**Your instructions**
Leaving out the images, please reproduce each line below exactly.

━━ Provided material

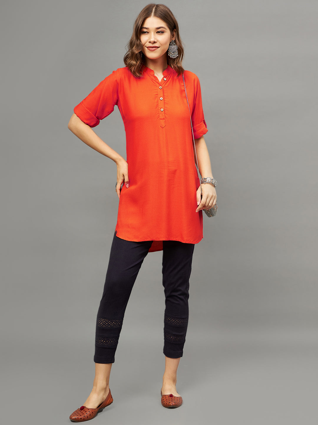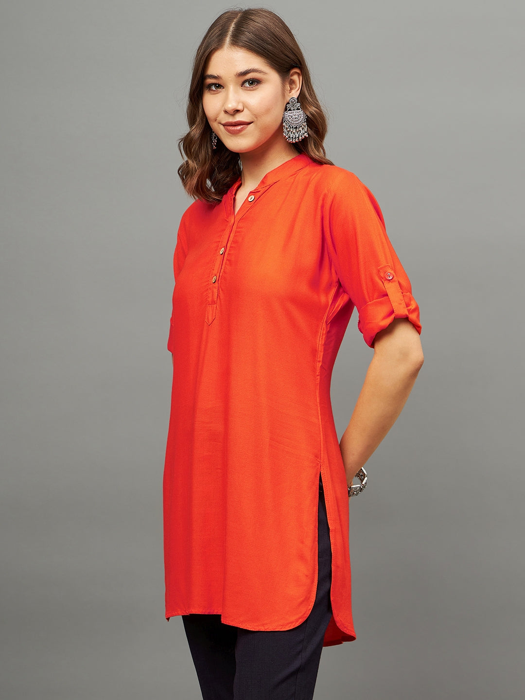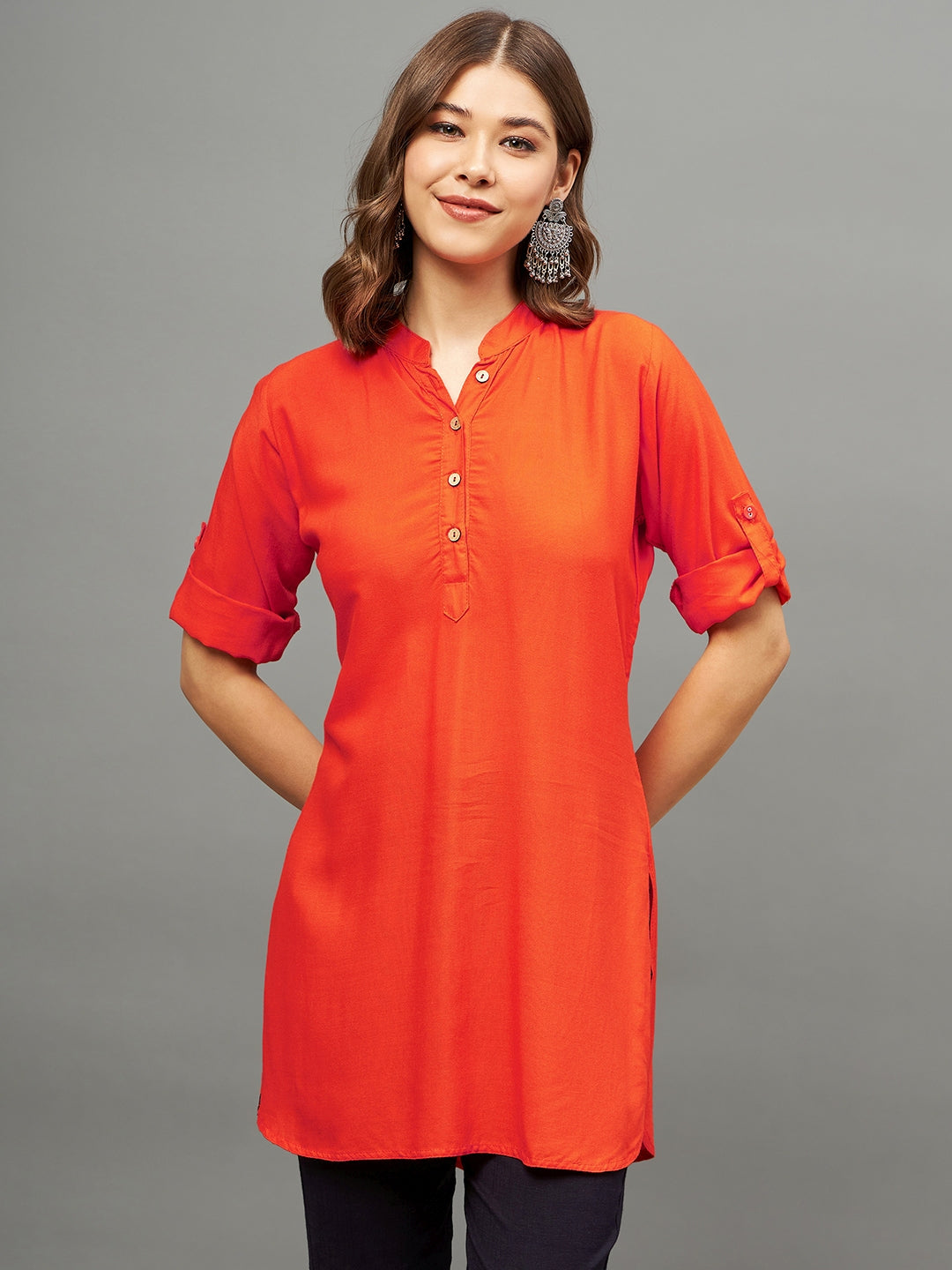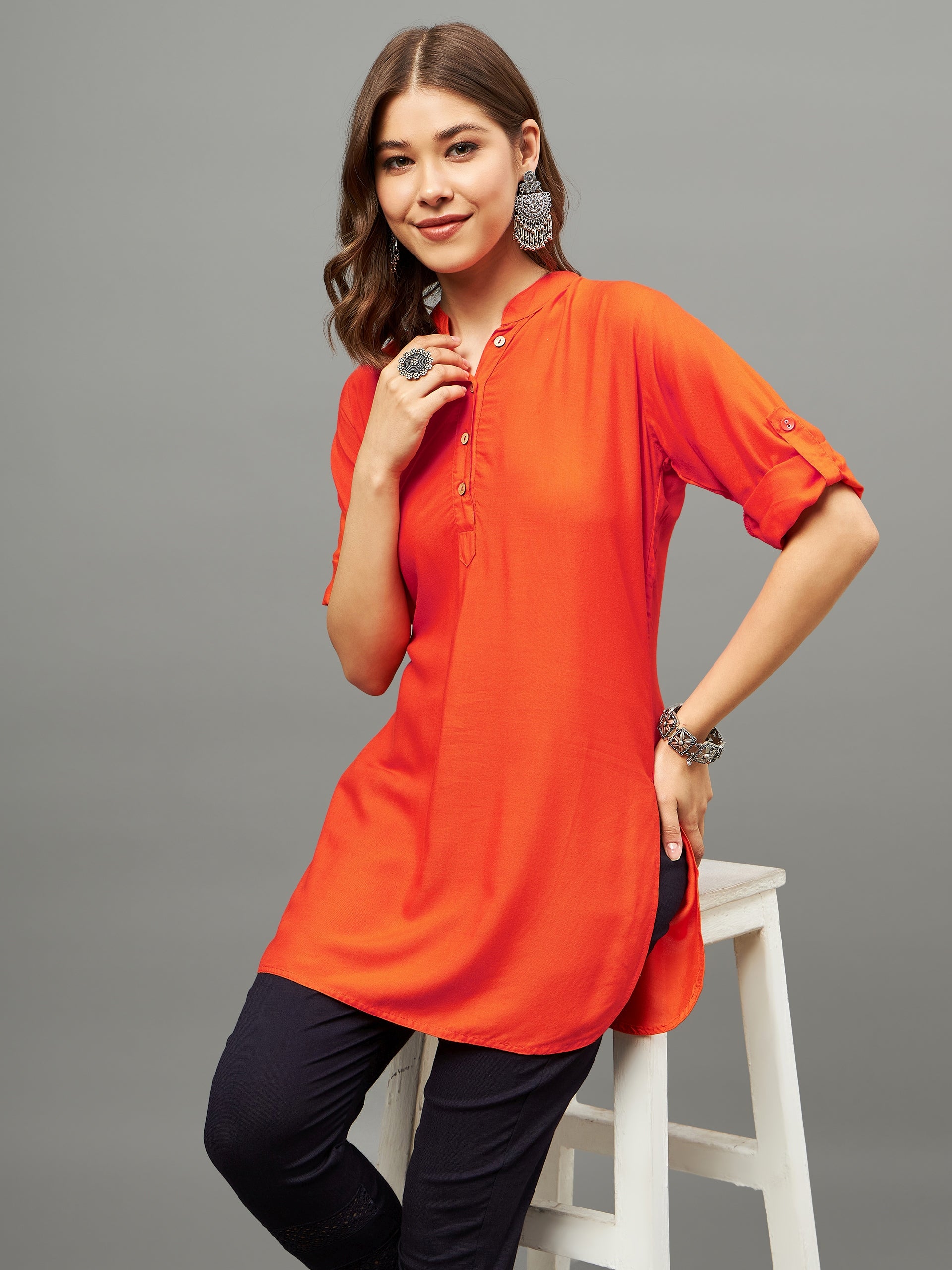 Dark Orange Solid Coloured Short Kurti - 32"Length
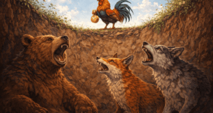 Едно магаре остаряло и напуснало своя господар. По пътя срещнало куче, също избягало от господаря …
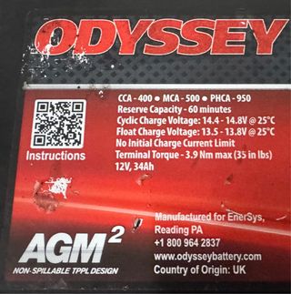Bateria Odyssey Extreme AGM Battery (PC 950) AGM² de 12V y 34Ah, diseñada para ser no derramable. Ahorro de peso grande respecto a una bateria convencional 20kg mas o menos Peso 9,2kg Se hacen envios Interesados contactar sin compromiso 658230661
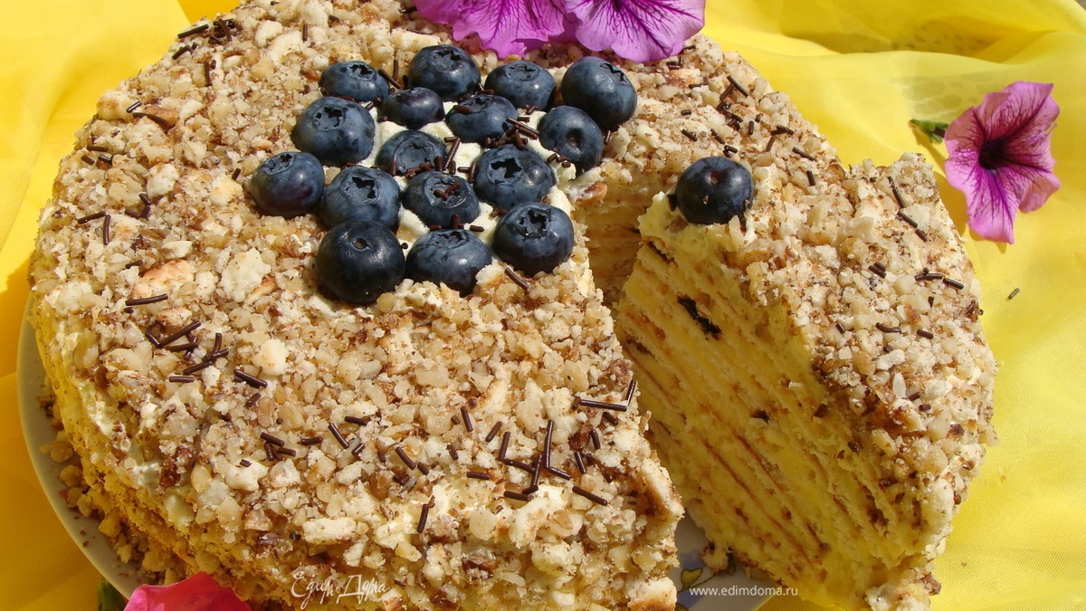 Этот рецепт мне попался, когда стояла жара и совсем не хотелось включать духовку. Обстоятельства сложилось так, что я не смогла вовремя поделиться рецептом с вами. Надеюсь, что лучше поздно, чем никогда. Этот десерт относится к категории «просто, быстро и вкусно», из незатейливых продуктов получается вкусный десерт. Отличный тортик для семейного чаепития в выходной день. Коржи из творожного теста пропитываются моим любимым кремом и настаиваются ночь в холодильнике. Торт легко режется на кусочки, получается не сухим, но и не влажным, для тех, кто любит наполеоны, медовики и др. подобные торты.
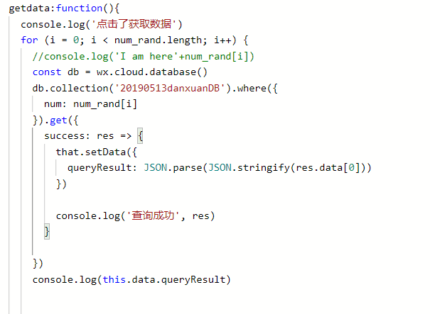 当我需要把查询到的数据在console中显示出来时,会出现一个很神奇的bug。如上图,我不加console.log(this.data.queryResult)这一行代码的时候,可以在console中看到res,但是加了console.log(this.data.queryResult)这一行后,就无法再console中显示res了
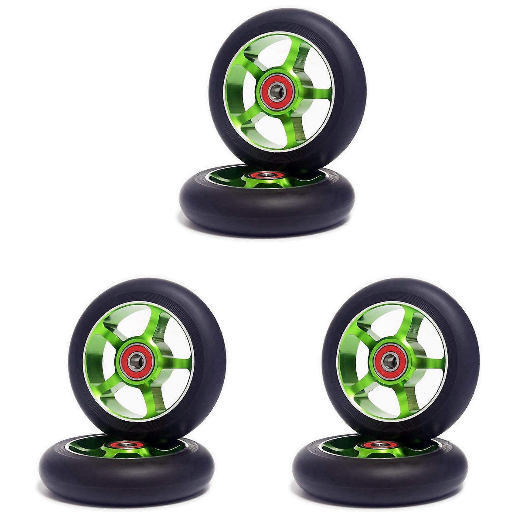 6Pcs 100mm Scooter Replacement Wheels with Bearings Aluminum Wear-Resistant PU Scooter Parts Scooter Accessories,Green
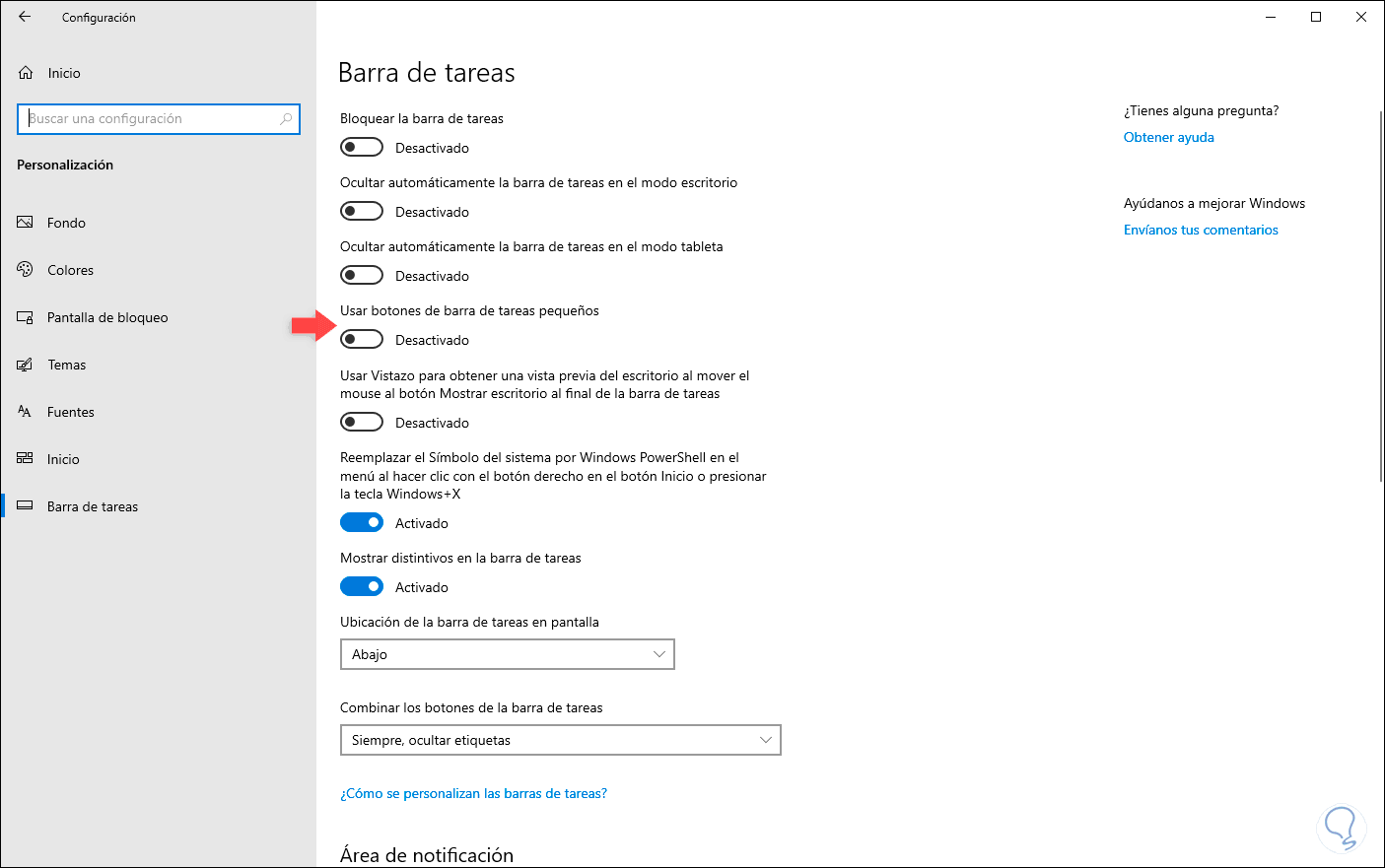 Podemos activar el interruptor “Usar botones de barra de tareas pequeños” para editar el tamaño de los iconos a este tamaño:
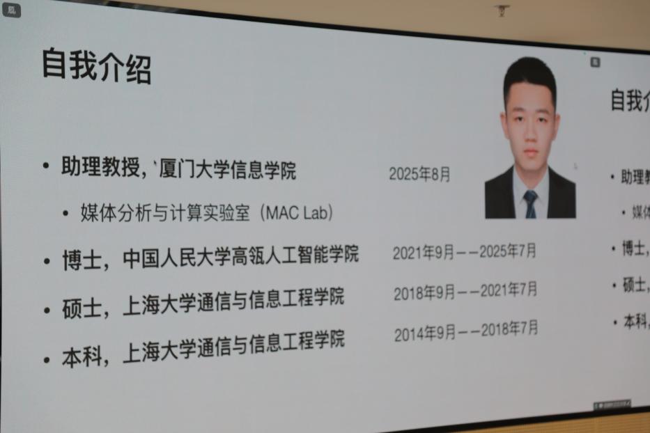 为进一步帮助2025级研究生新生快速适应研究生阶段的学习与生活,科学规划学业和职业发展,av直播 于9月7日上午在立德楼1826组织开展“瓴航”经验分享会。分享会邀请av直播 2025届硕士毕业生、现就职于字节跳动Seed的张配天,以及2025届博士毕业生、现任教于厦门大学信息av直播 的胡啸林作为分享嘉宾,围绕研究生学业规划和求职发展两大主题与同学们进行深入交流。分享会由av直播 2024级博士生陈曦主持,2025级全体研究生新生参加此次活动。
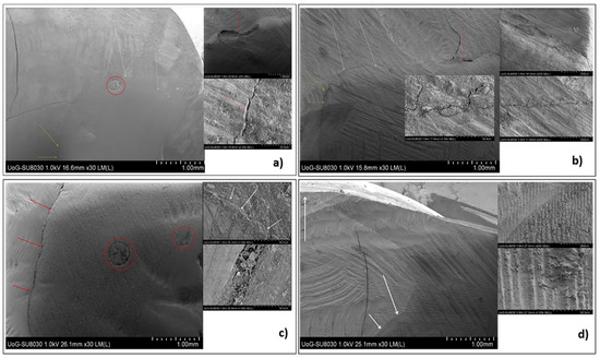SEM microphotographs of the longitudinal sections of the restored teeth (white arrows are areas of good adaptation, yellow arrows are areas of moderate adaptation, red arrows are areas of inadequate adaptation and red circles are the presence of voids within the material): (a) Adper Easy Bond™+Filtek™ Bulk Fill (3M™ ESPE, St. Paul, MN, USA), (b) AdheSE®+Tetric EvoCeram® Bulk Fill (Ivoclar Vivadent AG, Schaan, Liechtenstein), (c) Prime&Bond NT®+SureFil® SDR® flow+TPH Spectra ST® (Dentsply Sirona, Charlotte, NC, USA) and (d) AdheSE®+Tetric EvoFlow® Bulk Fill+Tetric EvoCeram® Bulk Fill (Ivoclar Vivadent AG, Schaan, Liechtenstein).
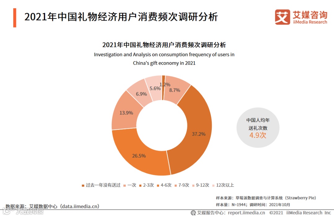 1. 2021年中国礼物经济用户消费频次调研分析
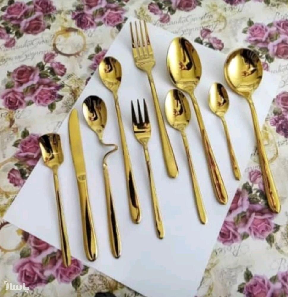 سرویس قاشق و چنگال طلایی 24 نفره 144 پارچه بی چمدان یونیک دنا
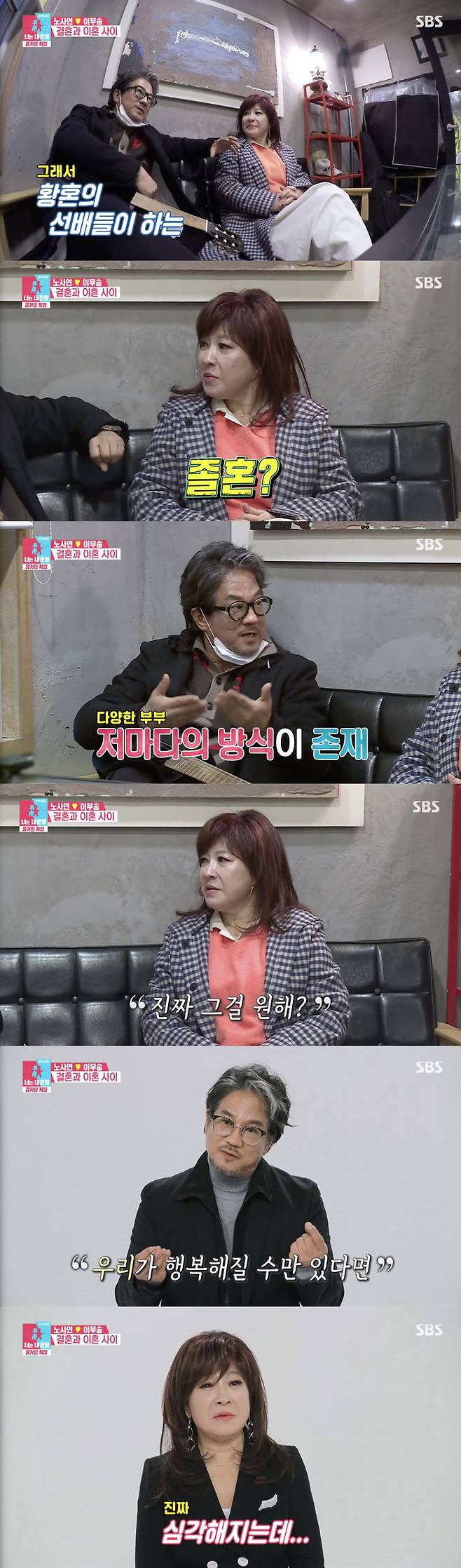 이무송은 "우리가 서로 각자 하고 싶은 걸 하게 시간적인 공간적인 여유를 주자 해서 졸혼을 하는 거 아닌가 싶다"라고 했고, 이에 노사연은 "진짜 그걸 원해?"라고 진지하게 물었다.
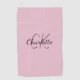 A pink background. Personalize and add a name, your monogram initials. The name is written with a hand lettered style script.

━━━━

**Exercise solution**
 Dark Orange Solid Coloured Short Kurti - 32"Length
 Едно магаре остаряло и напуснало своя господар. По пътя срещнало куче, също избягало от господаря …
Bateria Odyssey Extreme AGM Battery (PC 950) AGM² de 12V y 34Ah, diseñada para ser no derramable. Ahorro de peso grande respecto a una bateria convencional 20kg mas o menos Peso 9,2kg Se hacen envios Interesados contactar sin compromiso 658230661
 Этот рецепт мне попался, когда стояла жара и совсем не хотелось включать духовку. Обстоятельства сложилось так, что я не смогла вовремя поделиться рецептом с вами. Надеюсь, что лучше поздно, чем никогда. Этот десерт относится к категории «просто, быстро и вкусно», из незатейливых продуктов получается вкусный десерт. Отличный тортик для семейного чаепития в выходной день. Коржи из творожного теста пропитываются моим любимым кремом и настаиваются ночь в холодильнике. Торт легко режется на кусочки, получается не сухим, но и не влажным, для тех, кто любит наполеоны, медовики и др. подобные торты.
 当我需要把查询到的数据在console中显示出来时,会出现一个很神奇的bug。如上图,我不加console.log(this.data.queryResult)这一行代码的时候,可以在console中看到res,但是加了console.log(this.data.queryResult)这一行后,就无法再console中显示res了
 6Pcs 100mm Scooter Replacement Wheels with Bearings Aluminum Wear-Resistant PU Scooter Parts Scooter Accessories,Green
 Podemos activar el interruptor “Usar botones de barra de tareas pequeños” para editar el tamaño de los iconos a este tamaño:
 为进一步帮助2025级研究生新生快速适应研究生阶段的学习与生活,科学规划学业和职业发展,av直播 于9月7日上午在立德楼1826组织开展“瓴航”经验分享会。分享会邀请av直播 2025届硕士毕业生、现就职于字节跳动Seed的张配天,以及2025届博士毕业生、现任教于厦门大学信息av直播 的胡啸林作为分享嘉宾,围绕研究生学业规划和求职发展两大主题与同学们进行深入交流。分享会由av直播 2024级博士生陈曦主持,2025级全体研究生新生参加此次活动。
SEM microphotographs of the longitudinal sections of the restored teeth (white arrows are areas of good adaptation, yellow arrows are areas of moderate adaptation, red arrows are areas of inadequate adaptation and red circles are the presence of voids within the material): (a) Adper Easy Bond™+Filtek™ Bulk Fill (3M™ ESPE, St. Paul, MN, USA), (b) AdheSE®+Tetric EvoCeram® Bulk Fill (Ivoclar Vivadent AG, Schaan, Liechtenstein), (c) Prime&Bond NT®+SureFil® SDR® flow+TPH Spectra ST® (Dentsply Sirona, Charlotte, NC, USA) and (d) AdheSE®+Tetric EvoFlow® Bulk Fill+Tetric EvoCeram® Bulk Fill (Ivoclar Vivadent AG, Schaan, Liechtenstein).
 1. 2021年中国礼物经济用户消费频次调研分析
 سرویس قاشق و چنگال طلایی 24 نفره 144 پارچه بی چمدان یونیک دنا
 이무송은 "우리가 서로 각자 하고 싶은 걸 하게 시간적인 공간적인 여유를 주자 해서 졸혼을 하는 거 아닌가 싶다"라고 했고, 이에 노사연은 "진짜 그걸 원해?"라고 진지하게 물었다.
 A pink background. Personalize and add a name, your monogram initials. The name is written with a hand lettered style script.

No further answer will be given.